Verenlerin yüzünden yansıyan nefret acıma ve tiksinti karışımı  ifade  ona zevk mi verirdi? Bir nevi mazoşistlik mi? Davranışlarıyla isteğini bildirdiği kişiyi kendisine acındırma ve böylece gayesine ulaşma davranışı.
Acaba normal yollardan çalışarak didinerek isteğine kavuşamayacağı için mi yapardı?
Acaba çocukluk yıllarında ebeveynlerinin kendisinin hiç bir isteğini normal yollarla karşılamaması / karşılayamaması sebebiyle, hep yalvar yakar olduktan sonra mı istediklerine nail olmuştu da sümdük denilen huyu edinmişti? Bir alışkanlık bir psikolojik rahatsızlığın sonucunda mı o sıfatı o davranışı yapar olmuştu?

Elinde talep ettiği eşya  ile ayrılırken, yüzünde amacına ulaşmışların memnuniyeti, hazzı belli olurdu. Suratında (Nasıl bir suratsa)) haz sonrası rahatlamanın baygınlığını hissettiren bayağı bir sırıtış oluşurdu.  

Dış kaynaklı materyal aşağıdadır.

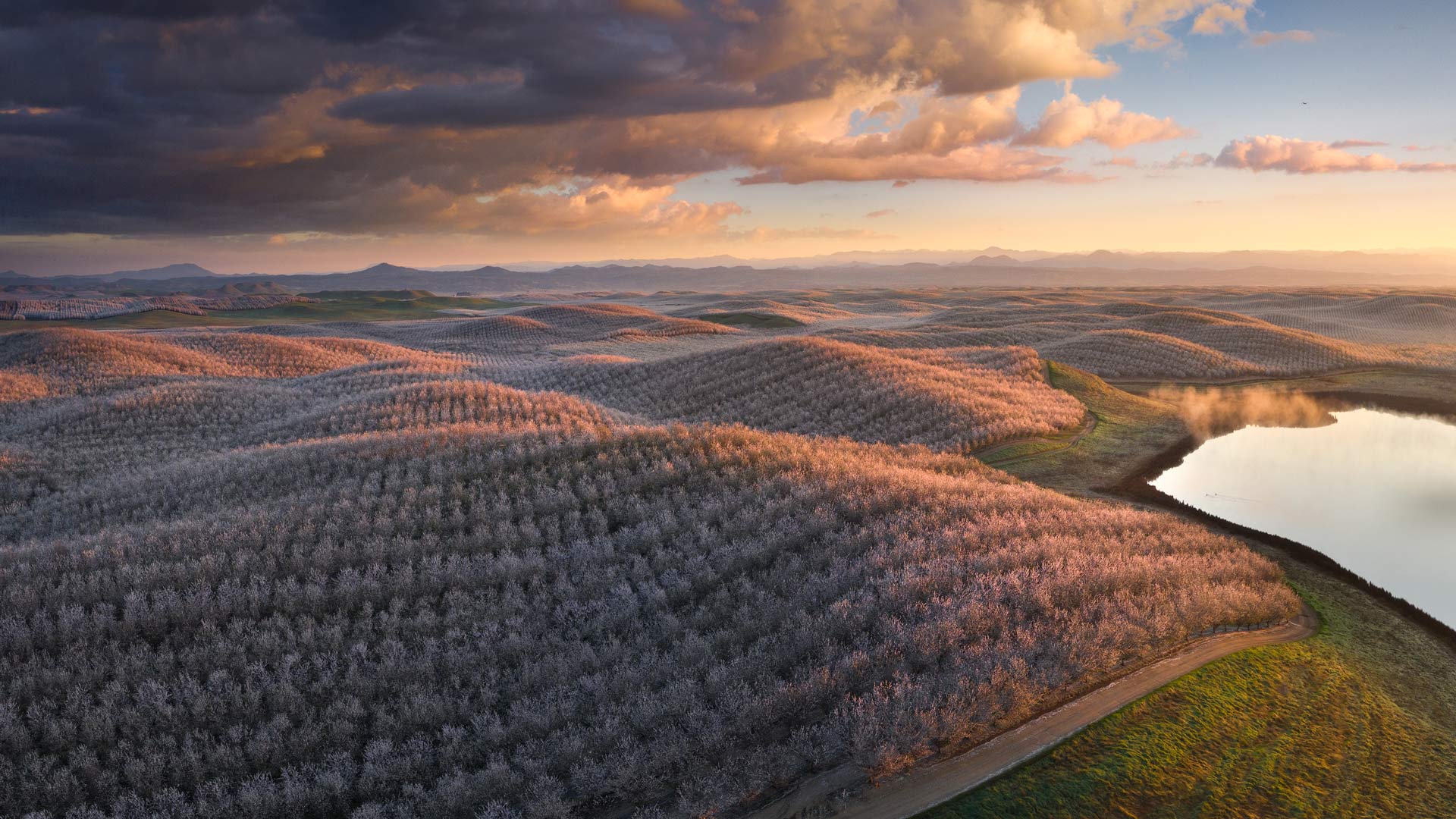 Almond trees in full bloom, 加利福尼亚州 (© Jeffrey Lewis/Tandem Stills + Motion)
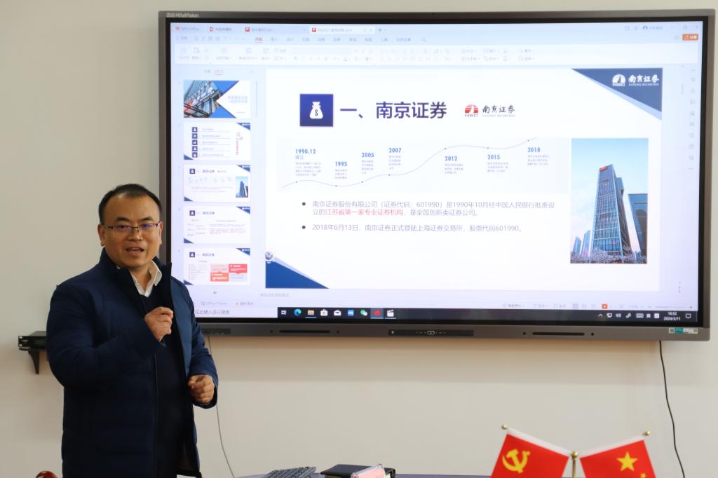 徐华良总经理作了《牵手南京证券一起奔向未来》的招聘宣传报告,介绍了南京证券及南京常府街证券营业部的基本概况、岗位设置、招聘需求及相关程序。徐华良说,南京证券公司对法学和公共管理专业人才都有需求,来安工大糖心vlog
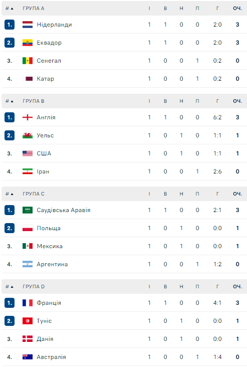 С 20 по 24 ноября 2022 года состоялись 16 матчей 1-го тура чемпионат мира 2022
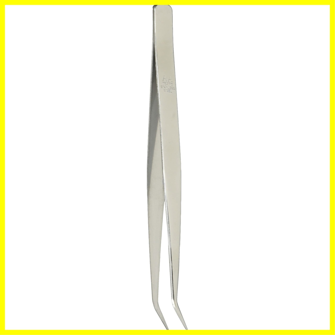 細かいものをピックアップする作業などに適した先が尖ったのピンセットです。先端が曲がっているので、平面におかれたものを拾いやすい形状になっています。
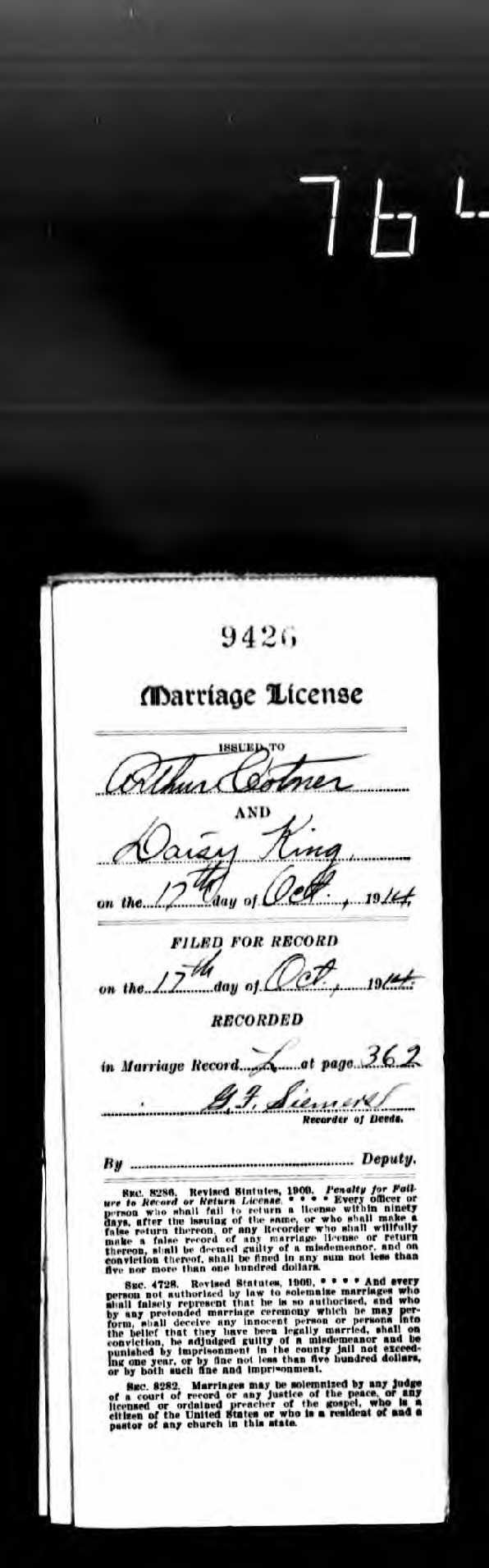 Missouri Marriage Record, Arthur Cotner and Daisy King
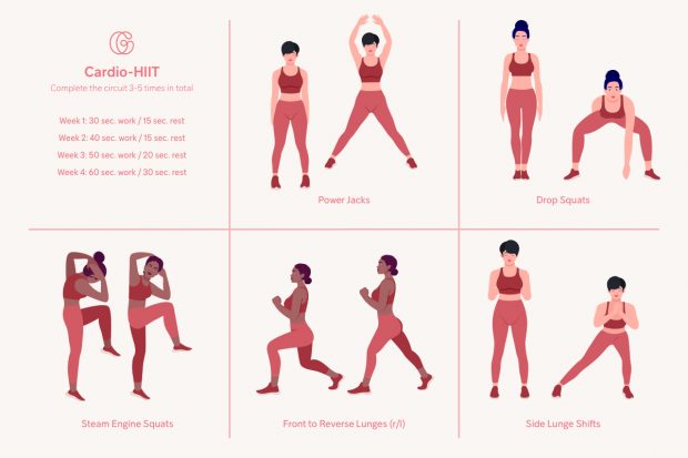 Check out the banner below or keep scrolling for a detailed overview of each exercise in today’s Cardio-HIIT challenge. Let’s get going!
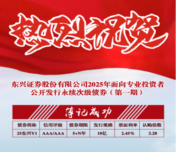 10月21日,东兴证券成功在上海证券交易所簿记发行2025年第一期永续次级债券,发行规模10亿元,期限5+N年,票面利率2.45%。本次为公司首期发行永续次级债券,在公司领导的大力支持下,公司上下通力协作,通过细致充分的发行准备与路演推介,获得了投资者的踊跃支持,全场认购倍数达3.28倍,发行利率具备明显优势,充分体现了市场对公司发展前景的高度认可。
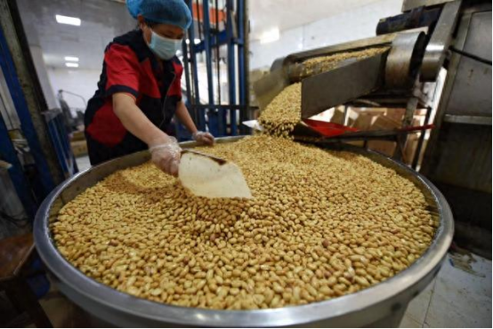 9月5日,马头镇西爱国村鑫恒农业种植农民专业合作社社员为下单的电商准备“香酥花生”。
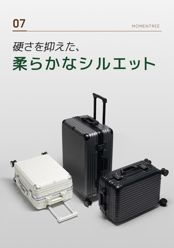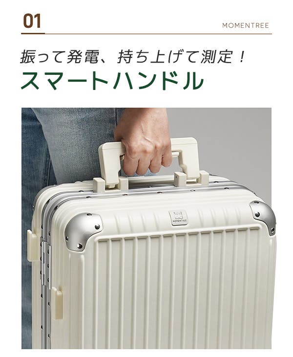 モーメントリー オールインワンキャリーの誕生は、こんな疑問から始まりました。『空港に着いてまず荷物はかりを探す手間を、キャリーケース自体で解決できないだろうか?』 私たちは単に商品を生産するのではなく、『多少価格が上がっても、妥協のない満足のいく商品を作ろう』という信念のもと、細部まで徹底的にこだわりました。ぜひ、モーメントリー オールインワンキャリーとともに、より快適に、より軽やかに、より自由に満ちあふれた旅をご堪能ください。
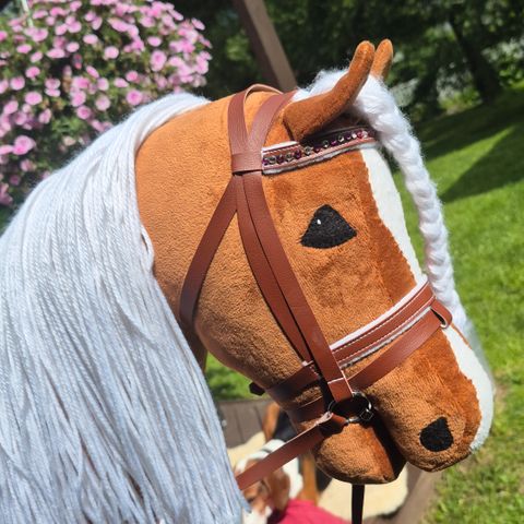 Veikeä keppari jolla "avoin" suu eli voi esim laittaa kuolaimet suuhun. Pitkä harja. Toisella puolella pieni jälki, ehkä liimaa. Ilman keppiä.

Bunları düşünürken; Haklı istekleri için dahi sümdük (ya da sündük) demesinler diye, insanların gözünün içinde bir an parlayıp sönen  ishihza dolu bir bakışla karşılaşmamak için -ve kendisinden kendisi dahi tiksinir olmak, irezil,kepaze olmak korkusu ile- istemez isteyemezdi. 

Bu sebeple hakkı olan bir nesneyi tekraren istemekten  çekinirdi. Bu, bir nebze onur, bir parça gurur azıcık kibir'in birbiriyle düşük dozlarla karışımının meydana getirdiği bir davranış tarzı. İyi bir şey. Ama bir şekilde istemeyerek de olsa oranların hassas dengesi bozulursa baskın olan ile adlandırılabilir çevresindekilerce.  Onurlu, gururlu, kibirli, 

Onurlu insanın değerlere ilkelere göre bir duruşu vardır. İnsanlara karşılıklı hoşgörü içinde alçakgönüllü ve insanca yaklaşır. Gururlu ya da kibirli denen insan ise daha sert, keskin, üstten bakan bir tavır, davranış, ifade biçimi içindedir.
Yani eziklik de üstünlük psikolojisi de; insanı yoldan çıkarıcı, insanlıktan uzaklaştırıcı istenmeyen davranışlara neden olur. 

Allah hiç kimseyi ne ruhen ne de bedenen acınacak kötü durumlara  düşürmesin.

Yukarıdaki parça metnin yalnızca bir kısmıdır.